Там, за первым, высоким синим,

За серебряным хладом зимним,

Есть хрустальное

Небо дальнее,

Где летают тела астральные.

А за ним —

Золотое третье,

Где мы всех,

Кого любим, встретим.

Навсегда будем вместе с ними

За серебряным хладом зимним…

В БЕЛОМ ГИПНОЗЕ

В белом гипнозе

февральского снега,

в белом,

гибнуть так трудно

Душою и телом —

в белом.

В белом пространстве

мой сын

совершенно один-

и темно…

Боже, спаси его!

Мне не дано!

В КОСТРЕ ОСЕННЕГО РАЗЛАДА

В костре осеннего разлада,

в дыму октябрьской нищеты

мне ничего уже не надо-

ну, может быть, немного яда,

чтоб улететь от суеты.

Но жизнь бессовестно и метко

бросает новую узду-

берёзы солнечную ветку

да злых дождей живую сетку

и, обманувшись, я иду

за этой веткой запоздалой,

за голубым сияньем дня,

забыв, что времени так мало,

и нет в нём места для меня.

ТАКАЯ ТИШЬ

Такая тишь – оранжевая, злая.

С пустынных крыш

стартует дым столбом.

И ничего о жизни я не знаю,

хотя живу.
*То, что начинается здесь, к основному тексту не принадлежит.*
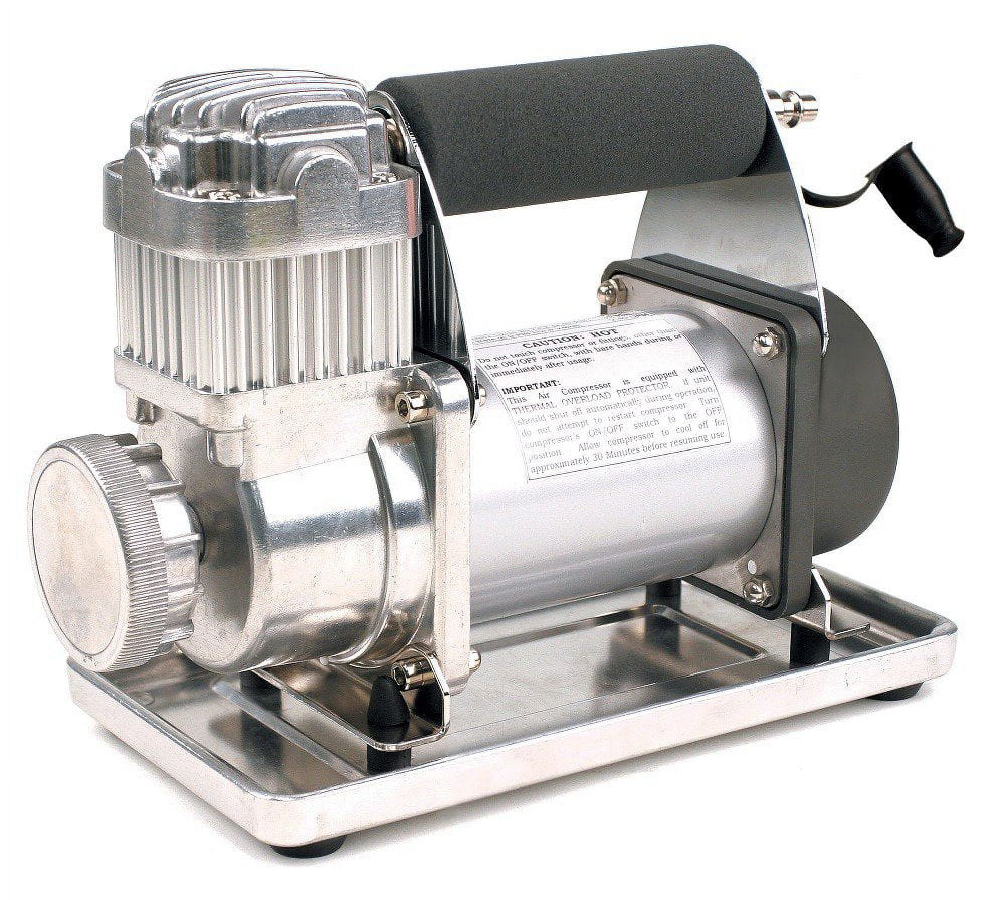 Portable compressor for tires up to 33 inches in diameter Able to generate a pressure of 150 PSI and an airflow of 2.3 CFM Comes with vibration resistant aluminum sand tray, 3 inflation tips, 5 in 1 inflator/deflator air hose, inline 100 PSI gauge, deluxe carry bag, 40 amp inline fuse holder, and dual battery clamps Connect to your vehicle battery, then connect to valve stem, and turn on for instant inflation Monitor tire pressure with 100 PSI inline gauge Permanent magnetic motor Specifications: Maximum 12V amp draw: 30 amps Maximum 24V amp draw: 15 amps Duty cycle: 33 percent at 100 PSI Ingress protection rating: IP54 Power cord length: 8 feet Air hose length: 25 feet CFM at 0 PSI: 2.3 CFM at 90 PSI: 0.92 Voltage: 12 volts Dimensions (L x W x H): 9 x 4.9 x 7.5 inches Weight: 8.7 pounds Manufacturer warranty: 1-year warranty
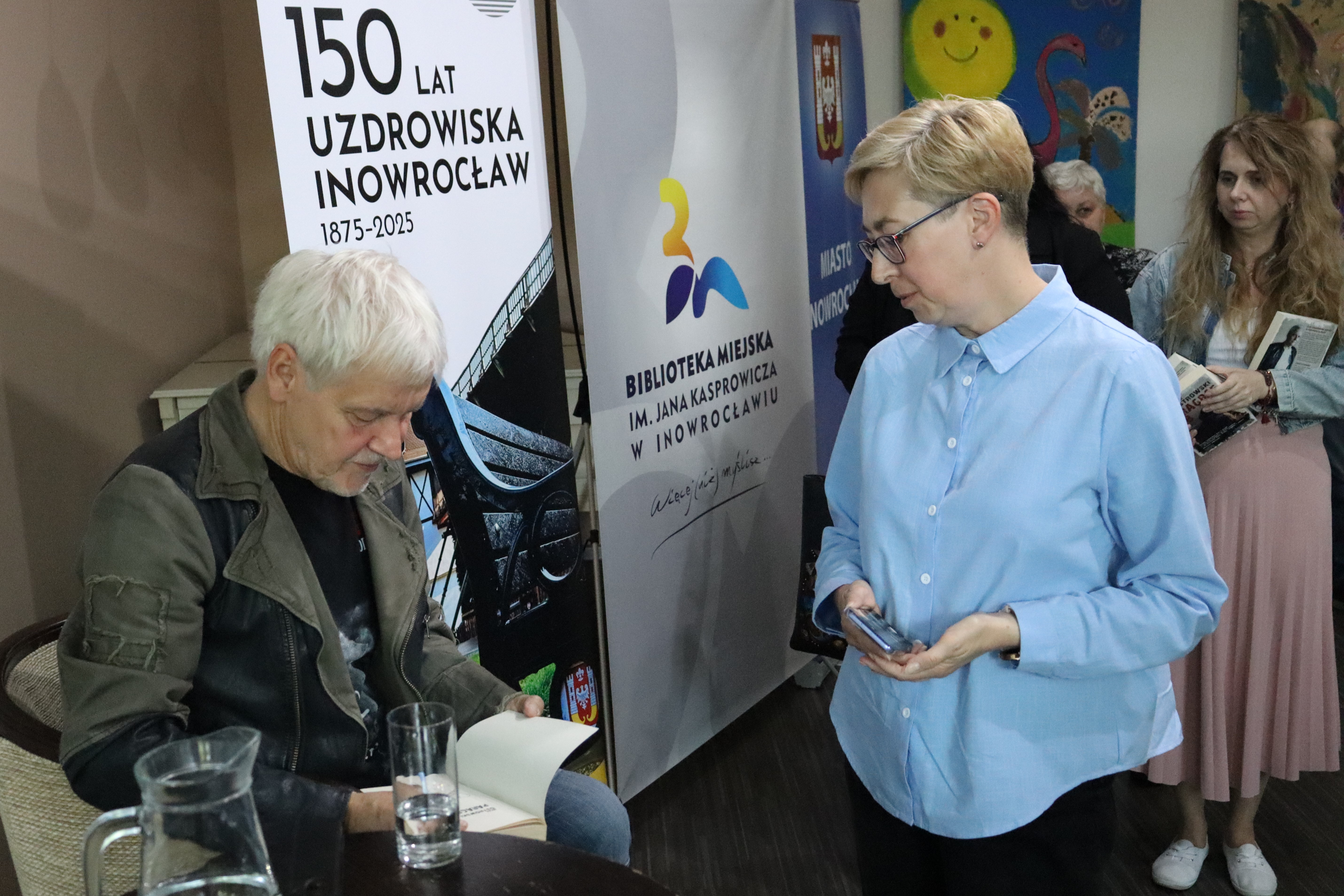 W czwartek 29 maja, do Biblioteki Miejskiej im. Jana Kasprowicza w Inowrocławiu przyjechał twórca popularnych powieści kryminalnych z Płocka, których akcja rozgrywa się w latach PRL-u. O starannych przygotowaniach do napisania każdej książki, wątkach autobiograficznych, różnych opiniach krytyków, sympatii czytelników, którą zyskali bohaterowie serii przygód mecenas Zuzanny Lewandowskiej (także milicjanci, pies i papuga), ze swadą opowiadał nasz gość. Chętnie też odpowiadał na pytania publiczności i wpisywał dedykacje autorskie.

Но разве дело в том?

Слоёный луч вечернего светила

с далёких круч протянется к плечу.

Мне это наваждение претило,

и время ни секунды не скостило,

но я всегда ходила по лучу.

Погаснет луч, я падаю и плачу,

а, может быть, не плачу, а смеюсь.

Сегодня я надеюсь на Удачу.

Сегодня я уже не разобьюсь

Сыну Славе

Кажется, я не выживу.

Кажется, не смогу.

Сердце телёнка рыжего

слышу в ночном снегу.

Молча он леденеет

в страшном своём хлеву.

Значит и я сумею,

сколько-то проживу.

Сердце слепого ворона

слышу ещё стучит.

Ночь не смиряя норова,

мне подаёт ключи.

Значит, открою утро,

значит увижу свет.

Может быть, это мудро.

Может быть – нет

СТРАННИК ПРОШЁЛ

Странник прошел мимо окон.

Кротким страдающим оком

в душу он мне заглянул.

Съежившись и не дыша,

вдруг задрожала душа.

Что же прозрела она?

Путь…

СЕРЕДИНА ВОСКРЕСЕНЬЯ

Середина воскресенья,

окончанье ноября.

Вот и заберег осенний,

вот и солнце светит зря.

Еле выглянуть успеет —

провалилось, не найти.

Только звёзды с неба сеет

жёрнов Млечного Пути.

Снова сердце мягкой лапой

кошка – ночь сожмёт в игре.

Но не смей от боли плакать —

то ли будет в январе.

ТЕМНЕЕТ

Темнеет.

А ночи всё глуше.

И так тяжело, тяжело,

как будто одна я на суше —

всё вымерло, всё полегло.

И там, где когда-то сияло

пространство Зелёного Дня,

осталось так мало, мало

от прежней, весёлой, меня.

Темно за спиной – на восходе,

закат утопает во мгле.

Да что это? Где происходит?

Неужто со мной, на Земле?

Снежок над Душою кружится,

и время моё истекло.

И в сердце нацелена спица

прозрачная, словно стекло.

В НОЧНОМ ЛЕСУ

В ночном лесу стозвучным эхом

сибирский плачет соловей.

На Млечный Путь мой конь заехал.

Эй, Горбунок, лети резвей!

Я не хочу на Землю снова-

там росы больно холодны,

а зимы долги и суровы,

и мало лета и весны.

И людям дышится и спится

тревожно так и тяжело.

Их столько в землю полегло,

а сколько их туда стремится!

Я не хочу на Землю снова-

лети, подковами звеня!

Звезда – потерянное Слово —

в зелёный лес упасть готова.

Я не хочу на Землю снова!

Куда же ты везёшь меня?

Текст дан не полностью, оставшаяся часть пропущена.